Should personal trainers have personal business entities?

By J. DeVoy

Much of my non-working time since the beginning of 2012 has been spent inside of a gym.  While it’s not as social as joining the board of a non-profit, it’s not a bad place to meet small business owners, other lawyers, and even Ice T (provided you join the right gym, and not a wasteland that prohibits effective exercises).  At a decent gym, the vast majority of people either know what they’re doing, or are using the services of a decent personal trainer, who often has a separate arrangement with the gym.  However, when injuries do arise – and more along the lines of ow-my-rotator-cuff-is-busted-after-seven-years-of-pain than the severed finger variety – it’s clear where the trainee and well-resourced gym stand, but there’s some question of what the relatively smaller individual trainer can do.  In fact, in many of these situations, the trainer may be the economically smallest person in the equation, trapped between an injured high net worth individual (or his/her spouse) and a facility with considerable income streams and assets.

One option is to organize a limited-liability company and offer services through it, and keep all assets associated with training within the company.  This would include inflows from clients and outflows for gym memberships, advertising, and work-related equipment, such as sneakers.  While setting up a separate entity may create more paper work, it should make accounting and claiming deductions easier at tax time.  It can even have favorable tax treatment for health care premium payments, provided the S-Corporation election form is filed with the IRS and all requirements are met.

In Nevada, though, the strongest protection may come from NRS 86.401, defining the rights and remedies of a creditor of a LLC’s members.  Under that section, the only remedy a creditor has against an individual debtor’s ownership interest in his or her LLC is a charge on the member’s ownership interest – giving the creditor only the rights of an assignee.  NRS 86.401(2) goes on to prohibit the creditor with a charge on the debtor LLC member’s ownership interest from foreclosing on the debtor’s interest, and eliminates any other remedy other than the charge described in NRS 86.401(1).  However, these protections can inadvertently be contracted away.

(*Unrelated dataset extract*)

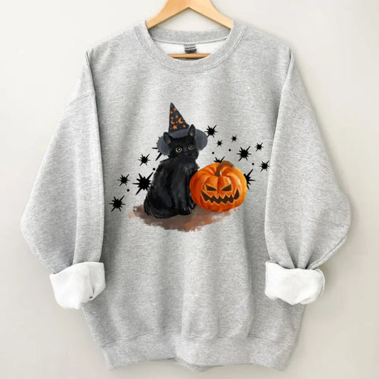 Spooky Cat Crewneck – Vintage Wash Halloween Cat Sweatshirt

See NRS 84.401(2)(c).

What does this practically mean?  If I’m a trainer and a former client sues me personally, even if the former client wins, he or she cannot touch the money I have in my LLC unless it flows out as a distribution to owners.  This is different from a salary, or even bonus, that the LLC could (and in that situation, would) pay to me as wages in that situation.  Simultaneously, if my LLC is sued but not me personally, it will be very difficult to enforce the judgment against the LLC against me because of Nevada’s robust protections of the corporate form and general unwillingness to pierce the corporate veil (although this is not absolute).  Now, if both my LLC and I were sued… well, that’s what discovery is for, but it seems like one of the scenarios above would be the most likely outcomes.  If the company and individual are properly sued, then that’s an interesting asset protection scenario that I’m not willing to consider for free.

Of course, norms within the fitness community and culture may frown on this use of the corporate form for protection.  I’ve personally never seen a lawsuit filed against a personal trainer.  But, if financial defense against a malicious former client costs only a few hundred bucks – especially if operating without indemnification from an insurer or gym – it may not be a bad idea.

One Response to Should personal trainers have personal business entities?

  1. The Glenchrist Law Firm PLLC says:

    Keep in mind, however, that the IRS “expects” (i.e., requires) that single-member LLCs that elect to be taxed as S-Corps pay the member-owner a “reasonable” W-2 income. A popular heuristic is the so-called “60-40 rule” (i.e., report no more than 60% of income as K-1 investment income and no less than 40% as W-2 wages).

    By the same token, “veil piercing” is unnecessary because the liability would be vicarious anyway (i.e., the LLC is liable for the torts of the owner-member qua employee).